_Exercise instructions_.
Transcribe the listing below word for word but skip its images.

_Material provided_.
■ ■ ■ ■ ■
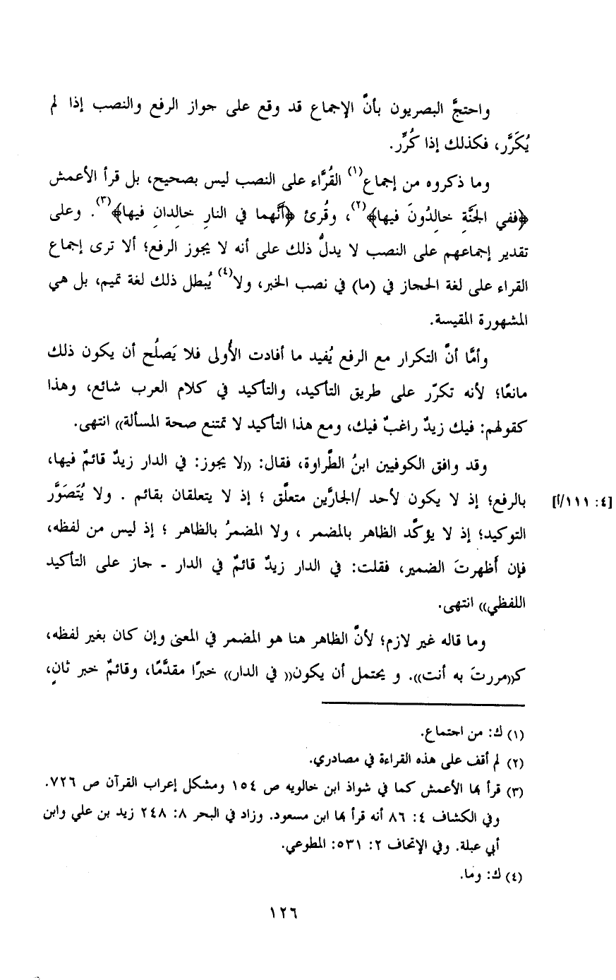وما ذكروه من اجماع القراء على النصب ليس بصحيح , بل قرأ الاعمش (ففى الجنة خالدون فيها) , وقرئ (أنهما فى النار خالدان فيها) وعلى تقدير إجماعهم على النصب لا يدل ذلك على أنه لا يجوز الرفع , ألا ترى إجماع القراء على لغة الحجاز فى (ما) فى نصب الخبر , ولا يبطل ذلك لغة تميم , بل هي المشهورة المقيسة.
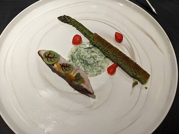 魚料理是海鱸魚+北海道的玉蘆筍
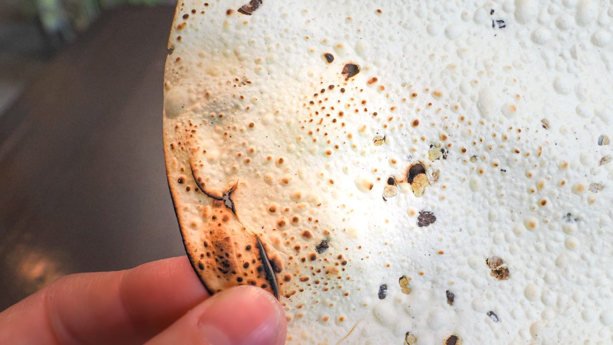 ビールを注文すると、おつまみの「パパド」がついてきました。
■ ■ ■ ■ ■
_Answer box_.
وما ذكروه من اجماع القراء على النصب ليس بصحيح , بل قرأ الاعمش (ففى الجنة خالدون فيها) , وقرئ (أنهما فى النار خالدان فيها) وعلى تقدير إجماعهم على النصب لا يدل ذلك على أنه لا يجوز الرفع , ألا ترى إجماع القراء على لغة الحجاز فى (ما) فى نصب الخبر , ولا يبطل ذلك لغة تميم , بل هي المشهورة المقيسة.
 魚料理是海鱸魚+北海道的玉蘆筍
 ビールを注文すると、おつまみの「パパド」がついてきました。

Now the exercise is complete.